Task to complete
Given these entries, repeat exactly the lines starting with the one that has "体色 棕褐色、绿褐色。前胸背" and going on through the one that has "The figure is", both included, but none of the pictures.
***
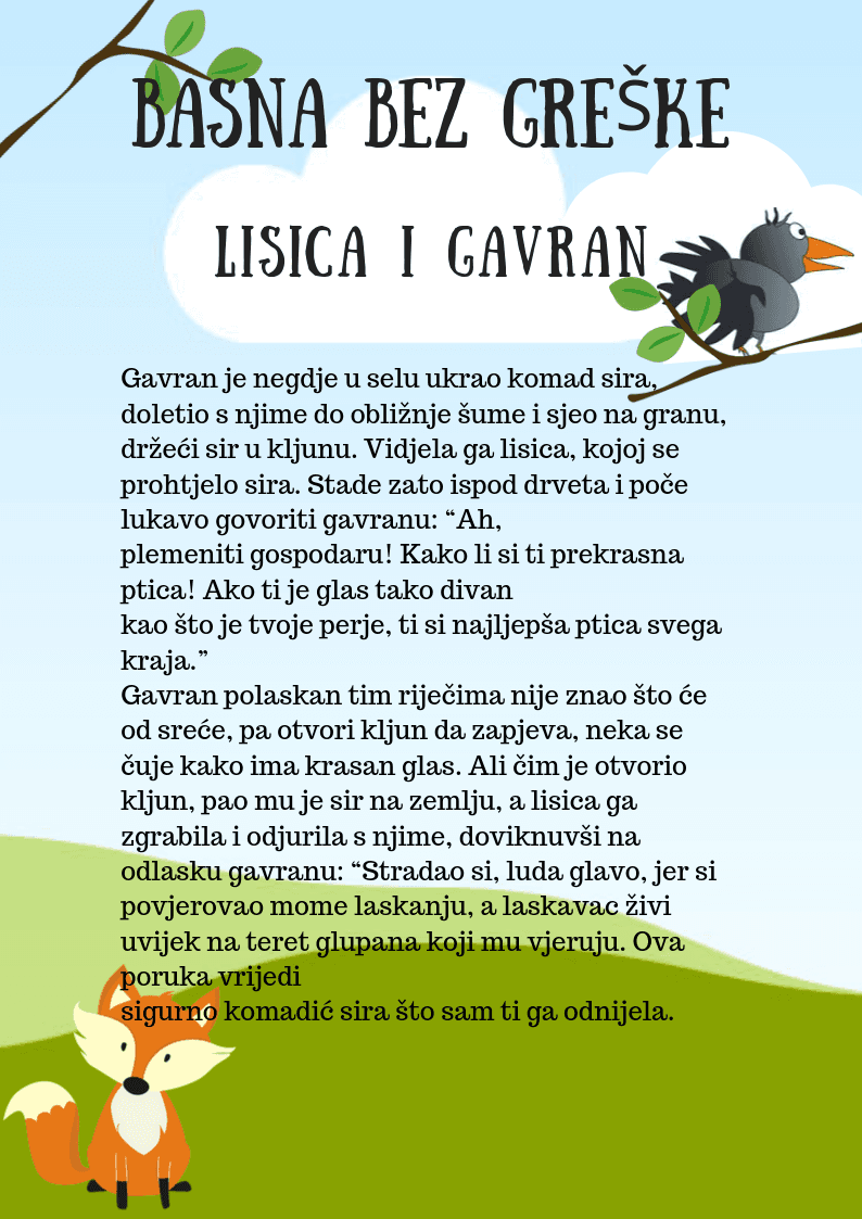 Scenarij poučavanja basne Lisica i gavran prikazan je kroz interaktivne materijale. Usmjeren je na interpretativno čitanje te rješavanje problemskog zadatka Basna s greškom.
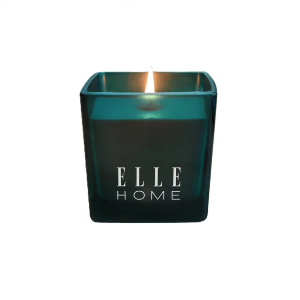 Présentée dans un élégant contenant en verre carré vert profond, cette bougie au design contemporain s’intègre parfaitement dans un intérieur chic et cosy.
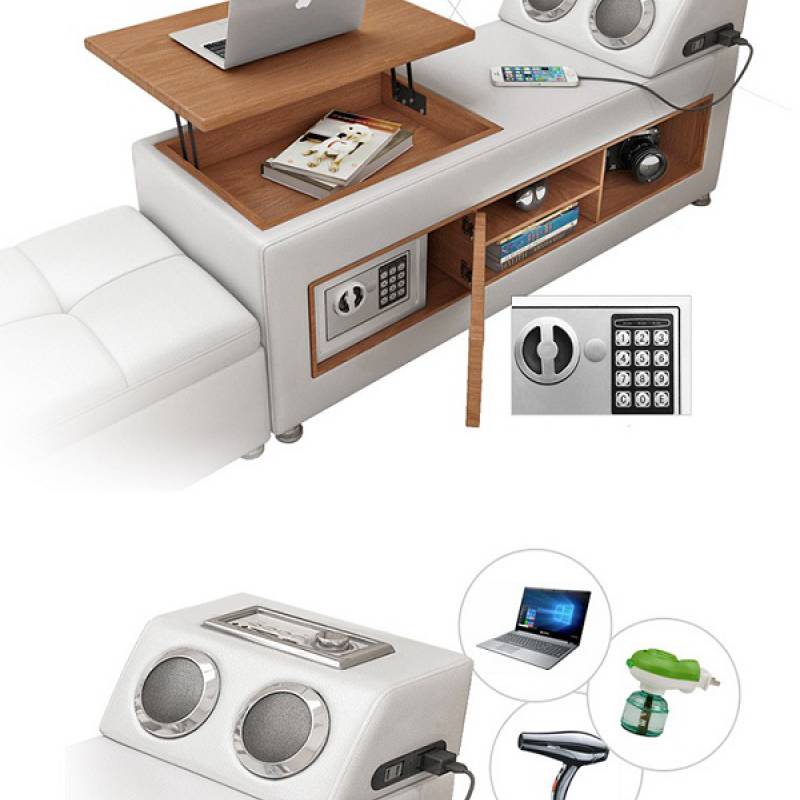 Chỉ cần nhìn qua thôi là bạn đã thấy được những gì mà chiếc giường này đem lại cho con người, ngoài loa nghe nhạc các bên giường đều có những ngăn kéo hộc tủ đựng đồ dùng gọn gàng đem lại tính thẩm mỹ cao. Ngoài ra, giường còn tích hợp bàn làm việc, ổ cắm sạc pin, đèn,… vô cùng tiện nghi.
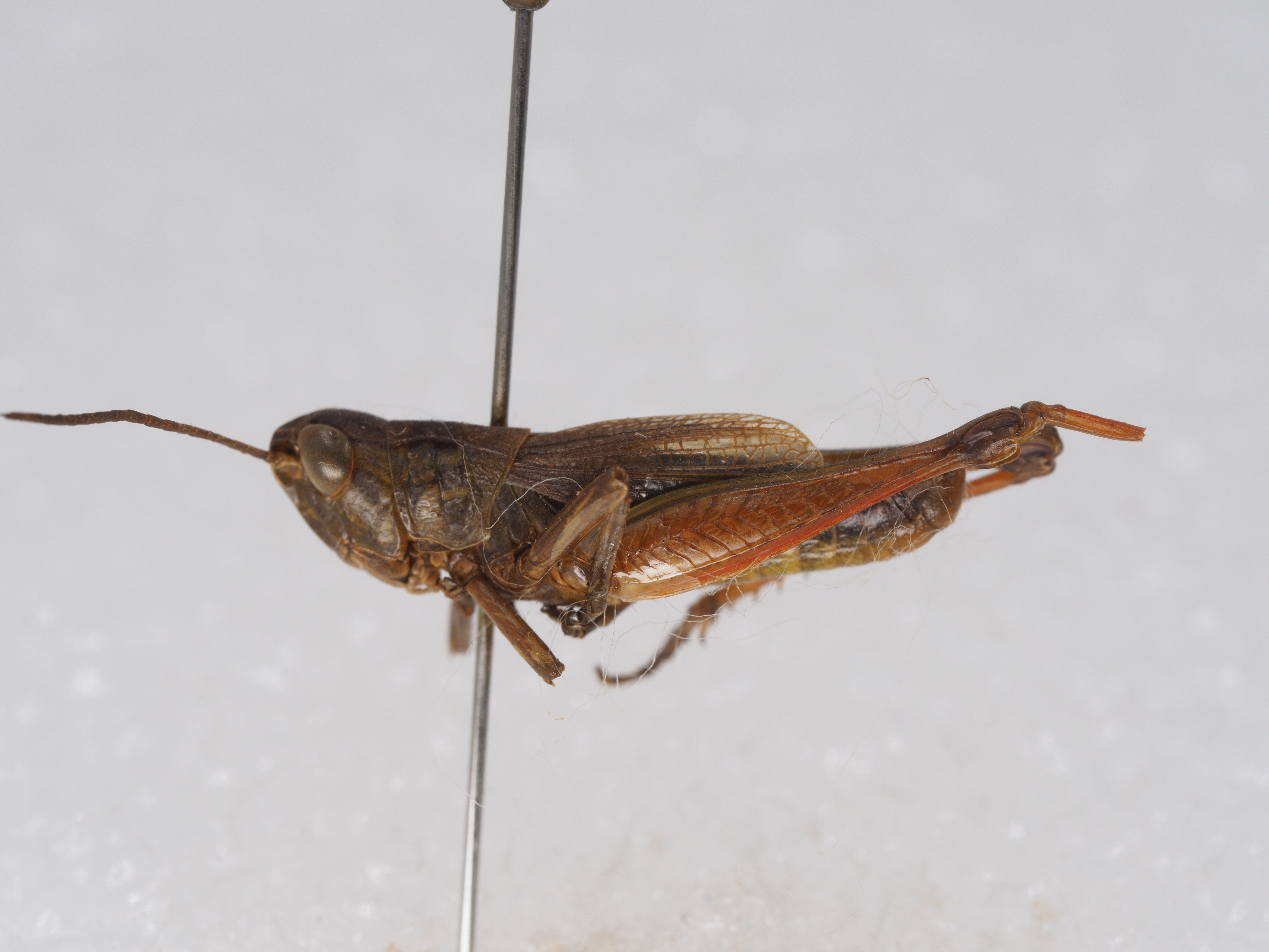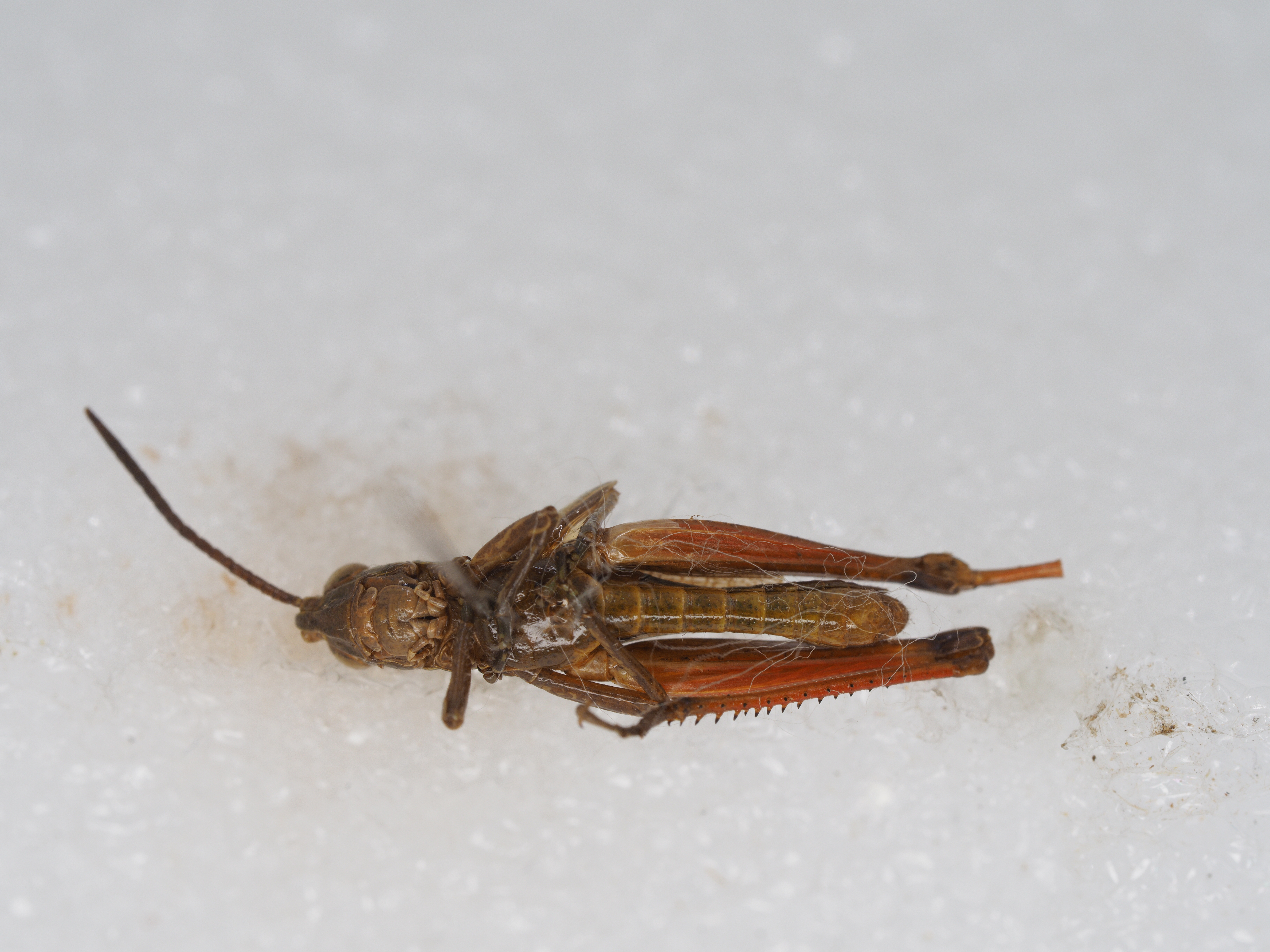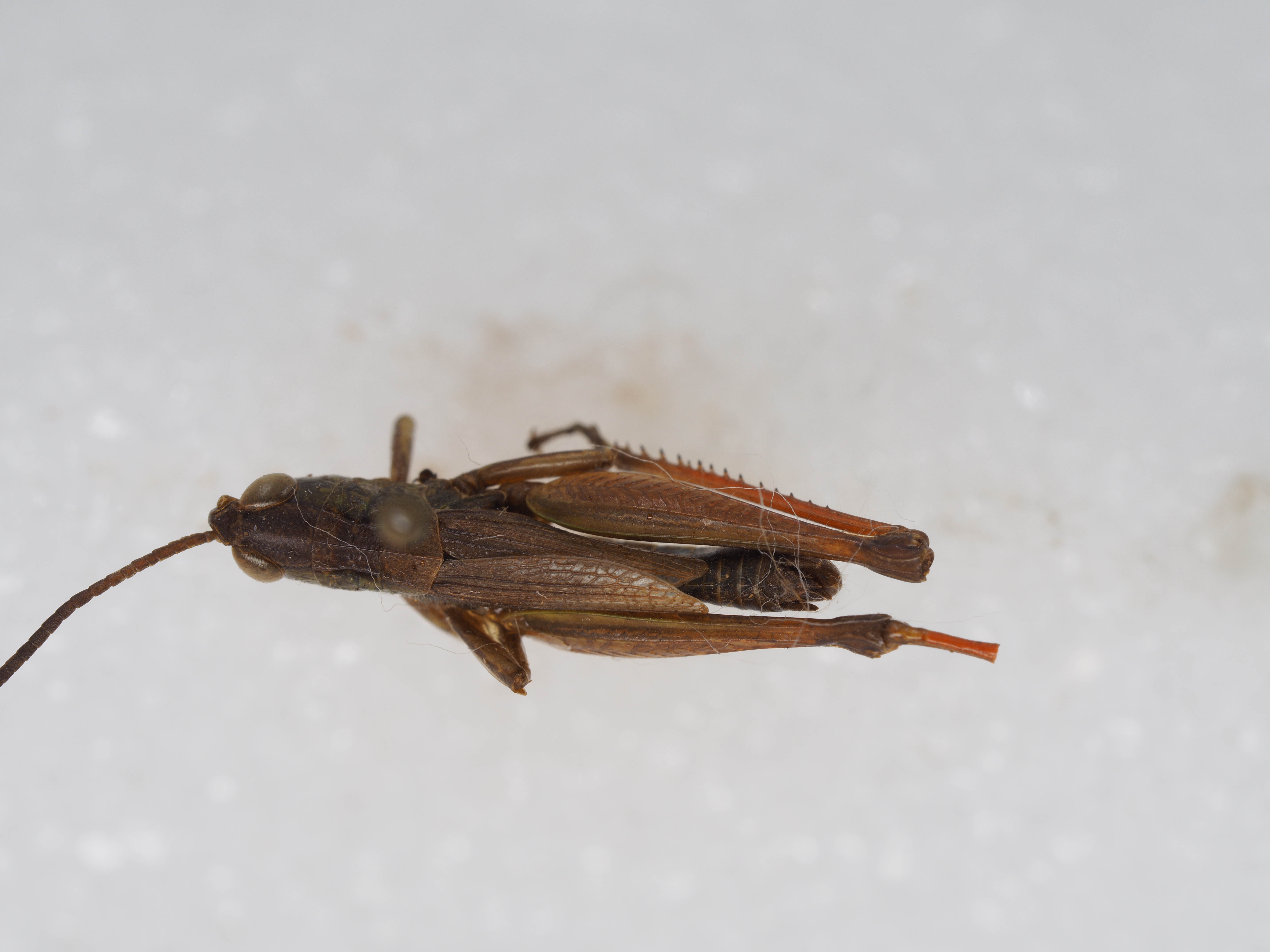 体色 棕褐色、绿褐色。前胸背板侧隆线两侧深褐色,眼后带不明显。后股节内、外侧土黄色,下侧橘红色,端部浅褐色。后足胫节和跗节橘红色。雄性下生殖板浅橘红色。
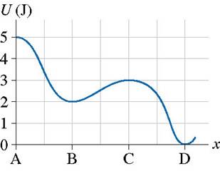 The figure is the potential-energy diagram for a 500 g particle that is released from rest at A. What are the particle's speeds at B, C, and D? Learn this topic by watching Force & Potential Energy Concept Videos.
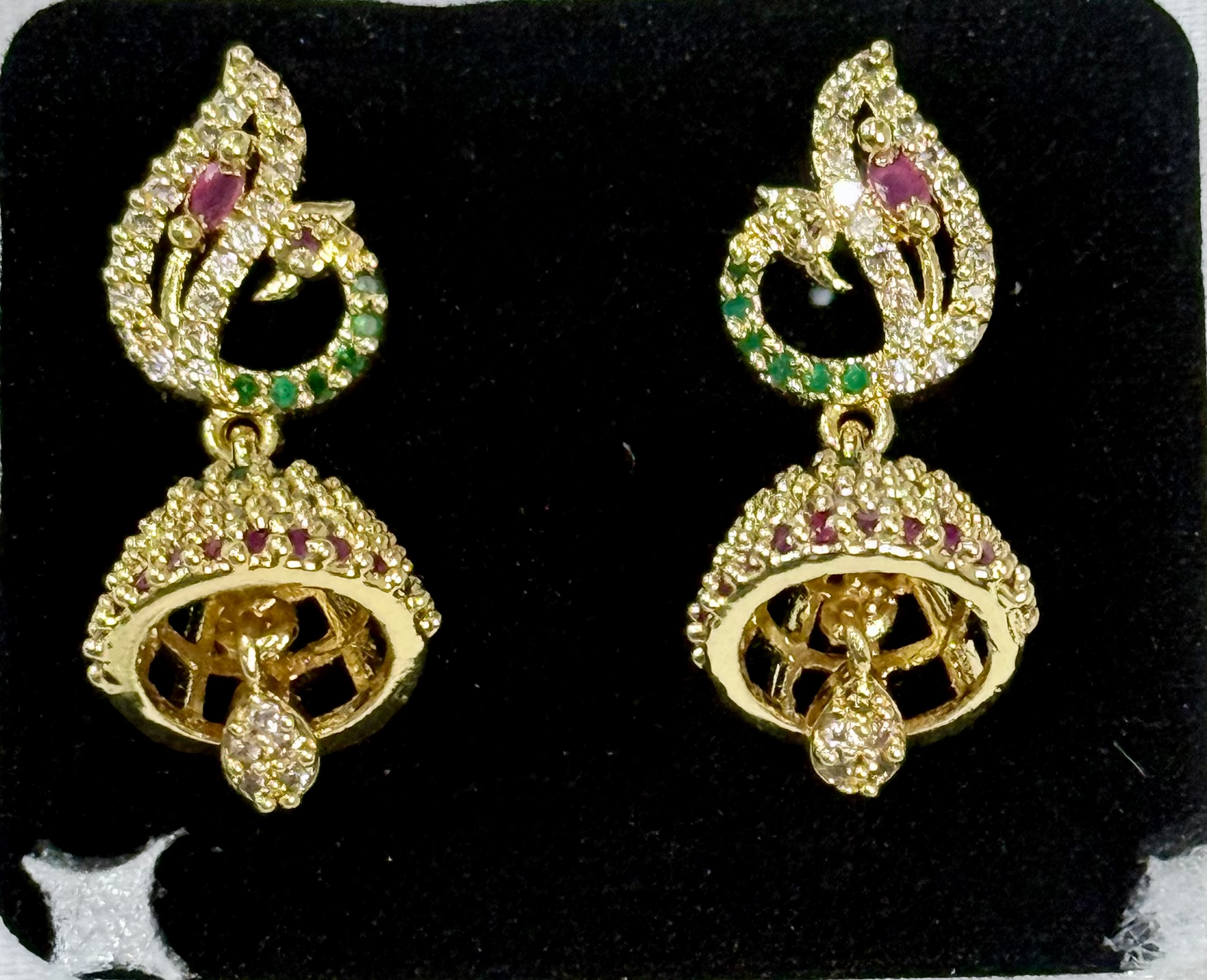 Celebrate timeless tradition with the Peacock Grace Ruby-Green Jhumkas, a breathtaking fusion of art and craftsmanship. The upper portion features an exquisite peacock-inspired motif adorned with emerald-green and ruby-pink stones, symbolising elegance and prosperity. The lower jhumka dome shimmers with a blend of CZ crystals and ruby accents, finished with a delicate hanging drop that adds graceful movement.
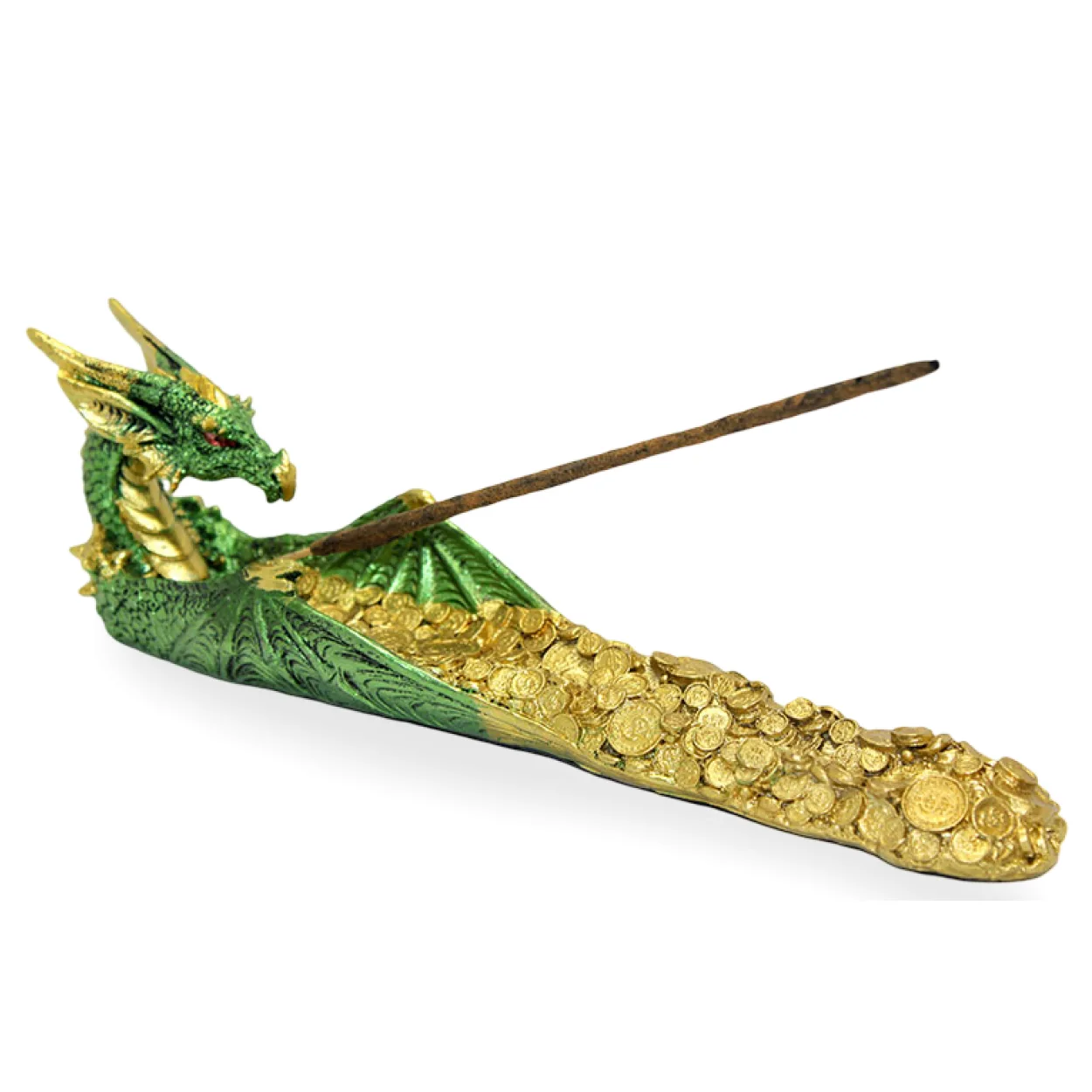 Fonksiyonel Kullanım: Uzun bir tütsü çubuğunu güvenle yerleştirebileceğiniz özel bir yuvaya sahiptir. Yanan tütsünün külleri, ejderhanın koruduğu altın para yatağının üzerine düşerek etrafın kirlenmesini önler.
***
Exercise result
 体色 棕褐色、绿褐色。前胸背板侧隆线两侧深褐色,眼后带不明显。后股节内、外侧土黄色,下侧橘红色,端部浅褐色。后足胫节和跗节橘红色。雄性下生殖板浅橘红色。
 The figure is the potential-energy diagram for a 500 g particle that is released from rest at A. What are the particle's speeds at B, C, and D? Learn this topic by watching Force & Potential Energy Concept Videos.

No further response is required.